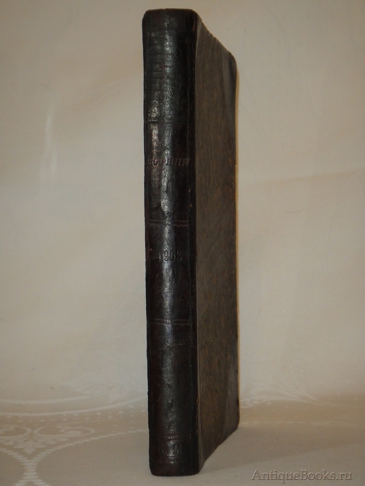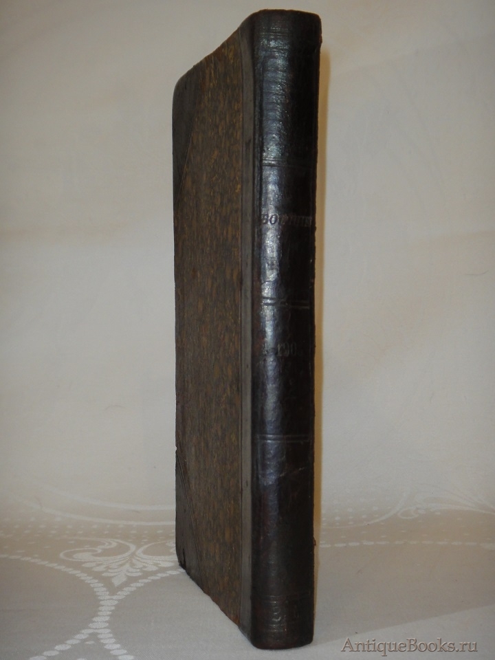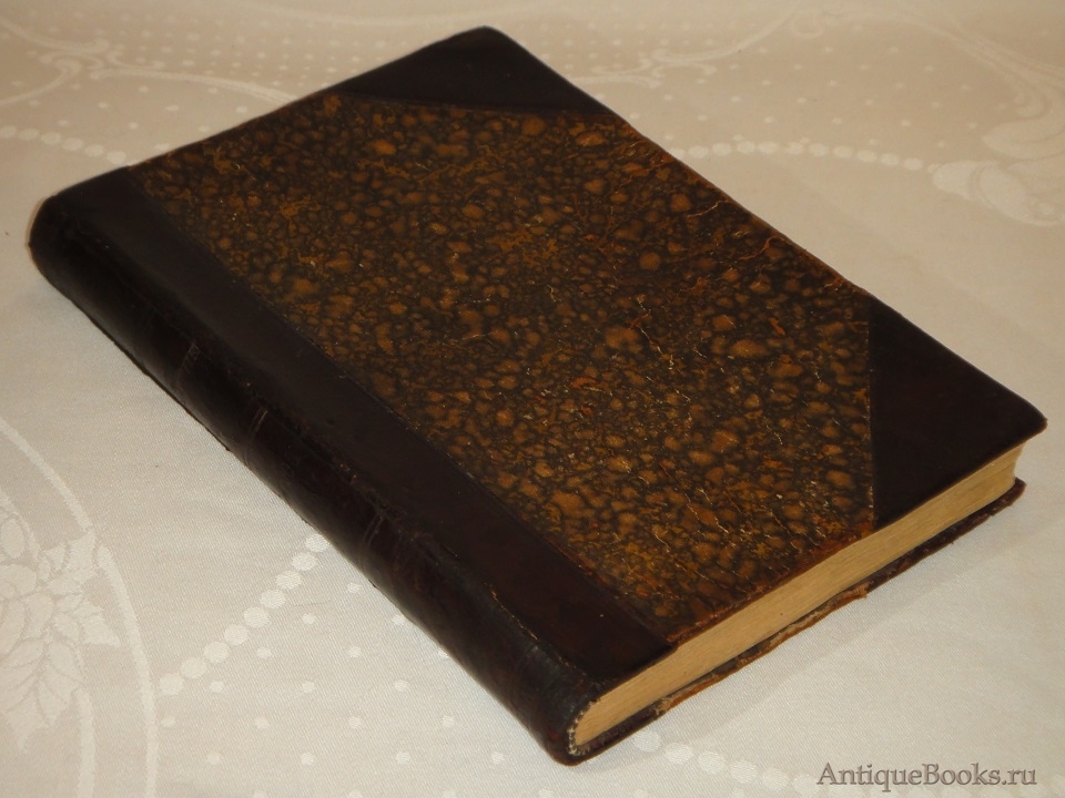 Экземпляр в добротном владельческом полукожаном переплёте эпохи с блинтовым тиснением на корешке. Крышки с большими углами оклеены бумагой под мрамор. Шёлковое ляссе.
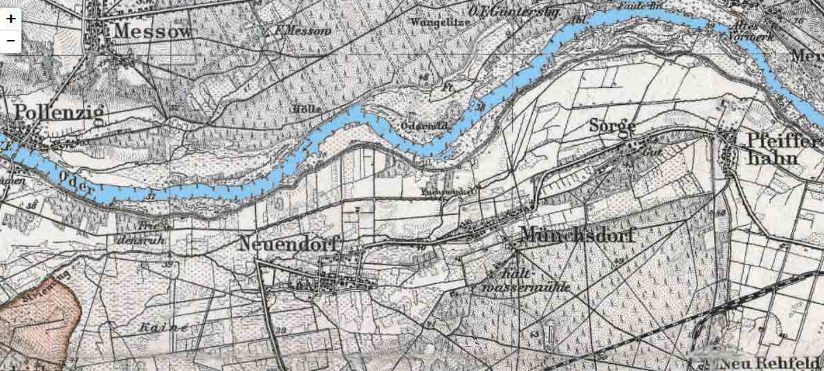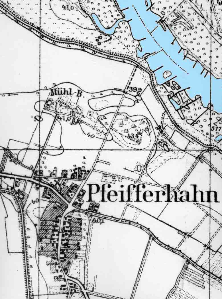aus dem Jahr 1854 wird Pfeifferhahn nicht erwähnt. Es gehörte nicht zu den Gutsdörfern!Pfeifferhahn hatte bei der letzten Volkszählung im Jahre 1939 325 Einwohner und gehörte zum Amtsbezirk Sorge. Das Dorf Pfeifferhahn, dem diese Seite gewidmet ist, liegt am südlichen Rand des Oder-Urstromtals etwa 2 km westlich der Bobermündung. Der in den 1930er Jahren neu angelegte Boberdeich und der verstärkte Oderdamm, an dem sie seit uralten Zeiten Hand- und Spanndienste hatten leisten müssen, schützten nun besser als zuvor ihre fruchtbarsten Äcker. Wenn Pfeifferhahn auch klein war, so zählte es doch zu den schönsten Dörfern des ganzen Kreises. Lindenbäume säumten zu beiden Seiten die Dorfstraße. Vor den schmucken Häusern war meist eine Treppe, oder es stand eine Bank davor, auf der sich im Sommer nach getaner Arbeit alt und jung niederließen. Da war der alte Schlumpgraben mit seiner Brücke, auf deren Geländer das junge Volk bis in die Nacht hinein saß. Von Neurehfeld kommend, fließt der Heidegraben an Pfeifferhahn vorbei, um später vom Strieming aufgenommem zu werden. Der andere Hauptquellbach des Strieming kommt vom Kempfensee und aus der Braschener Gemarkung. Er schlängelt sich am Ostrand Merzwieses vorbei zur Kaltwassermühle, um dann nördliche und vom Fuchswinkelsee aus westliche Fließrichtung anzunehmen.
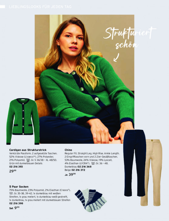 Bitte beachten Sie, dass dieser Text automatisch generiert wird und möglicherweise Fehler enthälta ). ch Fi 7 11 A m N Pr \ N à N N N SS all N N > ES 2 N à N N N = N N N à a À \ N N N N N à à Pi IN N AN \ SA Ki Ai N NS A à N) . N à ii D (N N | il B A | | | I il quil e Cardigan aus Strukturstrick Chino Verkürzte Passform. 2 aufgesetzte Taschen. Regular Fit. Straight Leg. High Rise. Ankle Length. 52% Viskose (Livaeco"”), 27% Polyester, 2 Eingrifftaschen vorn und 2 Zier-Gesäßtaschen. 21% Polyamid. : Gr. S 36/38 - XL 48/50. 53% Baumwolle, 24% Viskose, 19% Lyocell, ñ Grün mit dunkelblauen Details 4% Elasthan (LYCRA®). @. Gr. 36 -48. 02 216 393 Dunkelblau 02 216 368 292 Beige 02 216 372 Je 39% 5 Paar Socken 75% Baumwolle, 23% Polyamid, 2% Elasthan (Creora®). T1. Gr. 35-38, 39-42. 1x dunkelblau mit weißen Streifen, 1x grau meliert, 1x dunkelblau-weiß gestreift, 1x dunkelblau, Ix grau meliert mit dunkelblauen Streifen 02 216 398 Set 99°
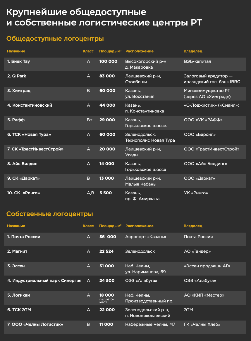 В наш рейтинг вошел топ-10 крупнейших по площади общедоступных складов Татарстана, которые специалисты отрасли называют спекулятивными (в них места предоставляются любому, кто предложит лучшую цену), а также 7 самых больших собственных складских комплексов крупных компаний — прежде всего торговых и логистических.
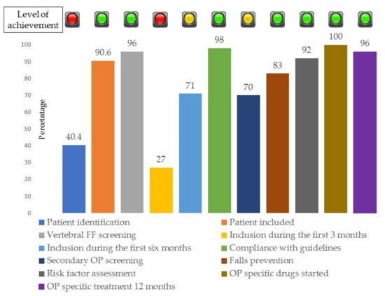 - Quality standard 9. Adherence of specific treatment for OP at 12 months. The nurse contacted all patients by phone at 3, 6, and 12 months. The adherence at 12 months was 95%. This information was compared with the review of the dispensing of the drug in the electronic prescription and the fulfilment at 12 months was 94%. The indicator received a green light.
* * *
WORK TO COMPLETE>
From the line containing "В наш рейтинг" through the last line of the material above, write out each line exactly, leaving aside all pictures.

RESPONSE>
 В наш рейтинг вошел топ-10 крупнейших по площади общедоступных складов Татарстана, которые специалисты отрасли называют спекулятивными (в них места предоставляются любому, кто предложит лучшую цену), а также 7 самых больших собственных складских комплексов крупных компаний — прежде всего торговых и логистических.
 - Quality standard 9. Adherence of specific treatment for OP at 12 months. The nurse contacted all patients by phone at 3, 6, and 12 months. The adherence at 12 months was 95%. This information was compared with the review of the dispensing of the drug in the electronic prescription and the fulfilment at 12 months was 94%. The indicator received a green light.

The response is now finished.